August is, traditionally, the slowest month for games. And in the world of consoles, that holds true.

The most exciting thing to play on Xbox One last month was the Netflix app.

But that's not the case for mobile. And on the App Store, August delivered some of the best games of the year. Five Gold Award winning games, and loads of other essential apps.

Get any of these games, then - all picked from our review archive, and whittled down to ten by members of the PG team - and you'll be guaranteed a good time.

80 Days
By inkle - buy on iPhone and iPad 80 Days

80 Days generates stories. On your trip you could get the wrong train, find yourself kidnapped by pirates, or be framed for murder. The game weaves a winding spaghetti-like narrative where no two players will have similar experiences.

However your textual trip around the globe ends up, you'll be fascinated by what you find. This loose take on Verne's novel features such sci-fi inventions as mechanical horses, robots, giant blimps, and walking cities.

And by giving you full control over what you say, where you go, and how many pairs of wooly trousers you pack, these weird and wonderful little stories feel like personal memoirs.

Max Gentlemen
By The Men Who Wear Many Hats - download free on iPhone and iPad Max Gentlemen

Max Gentlemen is a game about stacking top hats to make a teetering tower of headwear. And it was inspired by a spam email about genital enlargement pills.

But it's not a one-note joke. It's actually a collection of tricky and addictive arcade mini-games about growing your hat tower and keeping it away from pigeons, boomerangs, and pints of beer.

It's still utterly stupid, mind. But in the best possible way. And this loony freebie is even better with friends.

Rules!
By TheCodingMonkeys - buy on iPhone and iPad Rules

Rules! is one of the most stressful puzzle games I've played.

In each round, you're given a rule to follow - like tap green tiles, or tap tiles in descending order. But, once you've carried out that task you'll be asked to obey the commands of "rule one" or "rule three".

Trying to juggle all the rules, the order in which they were given, the tiles on the screen, and the fuse-like timer is a tense experience. But it's a fun thrill ride, when you're not tearing your hair out.

The Firm
By Sunnyside Games - buy on iPhone The Firm

Some have compared The Firm to dystopian document saga Papers, Please. And sure, this stockbroker sim does involve speed-reading documents, following rules, and shuffling slips of digital paper.

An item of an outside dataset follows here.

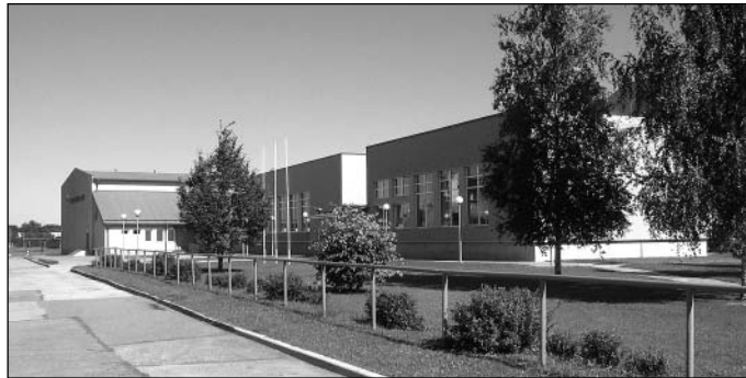
Saue koolimaja on suvega saanud värskendust

Tehes kokkuvõtteid eelmisest kooliaastast, võivad meie kooli õpeta-

But it's really a twitchy arcade game, disguised as a bleak workplace comedy about buying or selling shares based on the direction of the profit arrow and the colour of the paper.

So don't write it off as a clone. This is something fresh, and utterly engrossing for wholly different reasons to Papers, Please.

Deep Under the Sky
By Northway Games - buy on iPhone and iPad Deep Under the Sky

Deep Under the Sky is a pretty game. It imagines the surface of Venus as a curious psychedelic coral reef, all pulsing with neon colours and inhabited by a race of creamy white jellyfish.

The actual gameplay is quite simple. There's only one button, and you use a series of different moves - which are unleashed one after the other - to spread your eggs to faraway alien sacs.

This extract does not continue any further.